12. While adaptations may appear on an individual level, complex bureaucratic hierarchies with
independently operating units may create varied incarnations of the same policies. Yuichi Tamuras (2004)
field-based examination of how governmental policies are implemented within individual school systems of
Japan shows that educators do not make decisions based on the interpretations of the Ministry of Education;
rather, they act according to the immediate context of their local communities.

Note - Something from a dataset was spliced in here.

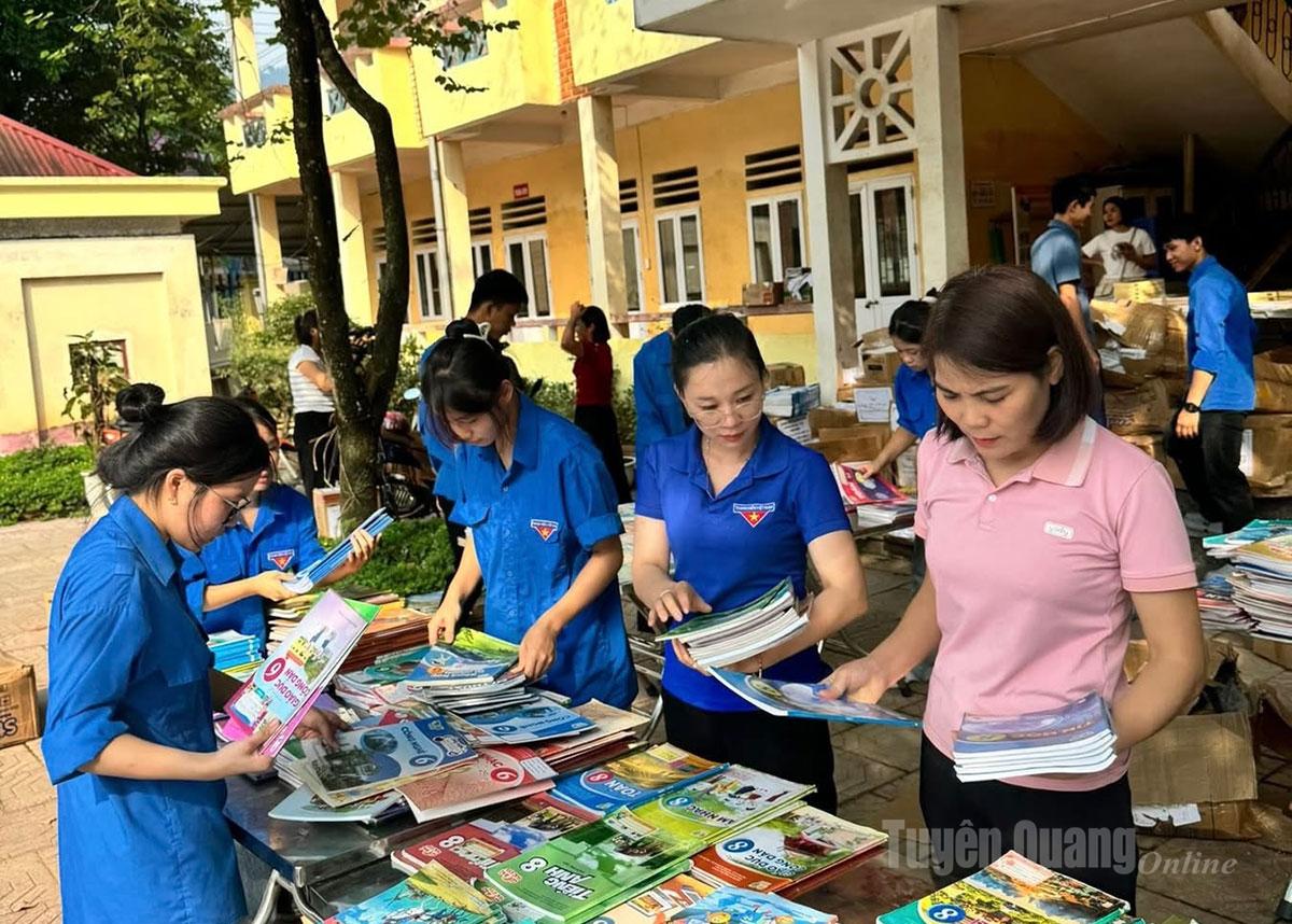 Đoàn, Hội LHTN xã Vị Xuyên tổ chức chương trình “Chợ sách 0 đồng – Sau bão lũ” tại trường THCS Lý Tự Trọng.
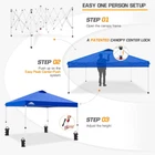 EASY SETUP: This easy setup pop up canopy tent features the Peak Push system, a patented canopy center lock. The portable canopy requires no tools and easily opens and closes from the center in seconds. Its unique canopy tent center lock enables a quick, one person setup, letting you maximize outdoor time with minimal effort VENTED TOP: The large Peak Vent provides enhanced ventilation, allowing warm air to rise and flow out of the canopy, keeping you cooler and more comfortable. The CPAI-84 rated 150D oxford top is water-resistant and offers UPF 50+ UV protection SUPERIOR QUALITY: 150D silver coated oxford canopy top is water-resistant, offers UPF 50+ UV protection, and meets CPAI-84 flammability standards. The frame is high-grade, powder-coated steel, with hardened through-bolts for years of reliable use COMPACT AND PORTABLE: Easily take this outdoor tent anywhere with its convenient wheeled bag which fits into most car trunks. Easily bring it along to tailgate and backyard parties, the beach, camping, the park or wherever your fun begins PROMISE: offers 1-year limited after sale protection from the date of purchase. Unlike many other canopy sellers, offers this for our frames, tops and bags! Please contact our professional service team with any questions.

13. Similar examples can also be found in Schick 1983 and summarized again in Craik 2005 (pp. 3738).
Joseph 1986 has a brief but useful discussion about the physical constraints on uniformity (pp. 99101).
14. To add further complexity to the debate concerning the extent to which uniforms control individuals or
impose organizational values on them, a few psychologists have developed a theory of behavior known as
deindividuation in which members of an individuality-suppressing group (like those that entail uniforms) do in
fact feel protected from individual identification (Festinger et al. 1952; Singer et al. 1965; Zimbardo 1970;
Diener 1977). However, rather than replacing individual motivations with organizational ones this anonymity
may encourage wearers to feel impervious to punishment for engaging in socially or even organizationally
inappropriate behavior. The uniform as understood in this theory, much like some costumes, enables the
wearers to assume roles that grant them unusual personal freedom to reject social regulations.
15. Brian McVeigh (1997) also helpfully points out that many uniform wearers are not in uniform twentyfour hours a day and may have some control over when they are seen in uniform. Therefore, their lives,
thoughts, and behaviors are not necessarily continuously monitored or permanently conditioned by their
regulated clothing.
16. The term dandy appears often within both modern language and the literature on uniforms to denote a
vain man interested in excessive and ostentatious decoration. In her book The Fashioned Body, however,
Joanne Entwistle points out that during the eighteenth and nineteenth centuries dandyism entailed a social and
political movement primarily in Britain and France (2000:126130). True dandies, as argued by contemporary
Charles Baudelaire, embodied refined restraint in dress in an effort toward perfected artifice and social
climbing. The connection between military men and dandies seems to rely on the twenty-first-century
understanding of the term.
17. Masculinizing qualities of nineteenth-century military uniforms, such as an exaggerated shoulder-width
and tight breeches, are commonly discussed within the literature on uniforms. However, examinations of
uniforms should consider not only how the historical milieu informs interpretations of gender expression but
also how individuals interpret those expressions personally.
18. Brian McVeigh (2000) offers a useful application of the theory of dramaturgy to the study of uniforms.
When applied to the social sciences, dramaturgy refers to the performative nature of social interaction:
individuals actively perform rather than simply express elements of their identities and therefore directly impact
definitions of self and group. He suggests that this approach will counteract the tendency to discuss individuals
simply as acted upon or as reacting to outside forces.